--- Recorded information Enclosed Below ---
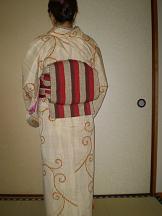 かねてより希望していた他装着付けのレッスンを、いよいよ開始することができました。どこぞの着付け教室に通って免状を取るという道もありましたが、そこまでの情熱はなく、ただどうせ着付けるなら、自分だけでなく人様にもそれなりに着付けができるといいな~と思ったわけでして・・・自分で着付けができると他装もできるという多少の自信がありましたが、以前母の留め袖を着付けた時に、思いの外時間がかかったのと、出来上がりに満足ができなかったのとで、いつかリベンジするためにも・・・といういきさつがあるのです。手近な公民館の教室なども考えましたが、時間などの条件があわず迷っているところへ、講師の免状を持つ知人から「知り合いだけでレッスンする」という情報を入手し、速効で「我も我も~」と、仲間に入れてもらいました。さて、となれば持ち物ですが・・・これの出番かな。 『や○と』の展示会でもらった着物バッグですが、見た目はスッキリとしていてお洒落ではあるけど、ファスナーを全開にしてもフラットにならないという欠点もあります。ずっと大事に片付けていたので、今日初めて気がつきました。開けるとこんな感じで、さすがにたくさん入ります。着物や襦袢などは、水玉模様のファスナー付き内袋に入れるように出来ているので、すっきりと使うことが出来ます。さて、レッスンですが・・・ トルソーや人体を使っての実践あるのみ!!ていう、でも知り合いばかりなので終始和やか~な、楽しいものでした。 持参したこの帯は、自分に締めると「なんだかな~」という結果になってしまいますが、レッスンではキレイに仕上がっています。今日習った締め方は帯を傷めないないので、もうちょっと練習して、ぜひ自装に取り入れたいものです。自分では着物を着たわけではないですが、久しぶりに着物仲間に会えて満足の一日でした。
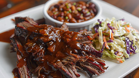 Savory pulled beef brisket with barbecue sauce, served with coleslaw and baked beans
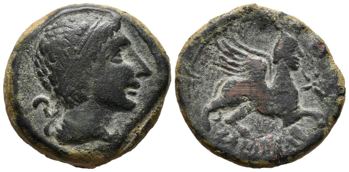 CASTULO (Cazlona, Jaén). As. (Ae. 16,04g/29mm). 180 a.C. (FAB-694). Anv: Cabeza masculina diademada a derecha. Rev: Esfinge a derecha, delante estrella, debajo leyenda curva retrógada: CaSTeLE. MBC. Raspadura en reverso.
--- End of Enclosed Recorded information ---
Activity:
Please copy the data above character for character, skipping any pictures.

Output for this exercise:
 かねてより希望していた他装着付けのレッスンを、いよいよ開始することができました。どこぞの着付け教室に通って免状を取るという道もありましたが、そこまでの情熱はなく、ただどうせ着付けるなら、自分だけでなく人様にもそれなりに着付けができるといいな~と思ったわけでして・・・自分で着付けができると他装もできるという多少の自信がありましたが、以前母の留め袖を着付けた時に、思いの外時間がかかったのと、出来上がりに満足ができなかったのとで、いつかリベンジするためにも・・・といういきさつがあるのです。手近な公民館の教室なども考えましたが、時間などの条件があわず迷っているところへ、講師の免状を持つ知人から「知り合いだけでレッスンする」という情報を入手し、速効で「我も我も~」と、仲間に入れてもらいました。さて、となれば持ち物ですが・・・これの出番かな。 『や○と』の展示会でもらった着物バッグですが、見た目はスッキリとしていてお洒落ではあるけど、ファスナーを全開にしてもフラットにならないという欠点もあります。ずっと大事に片付けていたので、今日初めて気がつきました。開けるとこんな感じで、さすがにたくさん入ります。着物や襦袢などは、水玉模様のファスナー付き内袋に入れるように出来ているので、すっきりと使うことが出来ます。さて、レッスンですが・・・ トルソーや人体を使っての実践あるのみ!!ていう、でも知り合いばかりなので終始和やか~な、楽しいものでした。 持参したこの帯は、自分に締めると「なんだかな~」という結果になってしまいますが、レッスンではキレイに仕上がっています。今日習った締め方は帯を傷めないないので、もうちょっと練習して、ぜひ自装に取り入れたいものです。自分では着物を着たわけではないですが、久しぶりに着物仲間に会えて満足の一日でした。
 Savory pulled beef brisket with barbecue sauce, served with coleslaw and baked beans
 CASTULO (Cazlona, Jaén). As. (Ae. 16,04g/29mm). 180 a.C. (FAB-694). Anv: Cabeza masculina diademada a derecha. Rev: Esfinge a derecha, delante estrella, debajo leyenda curva retrógada: CaSTeLE. MBC. Raspadura en reverso.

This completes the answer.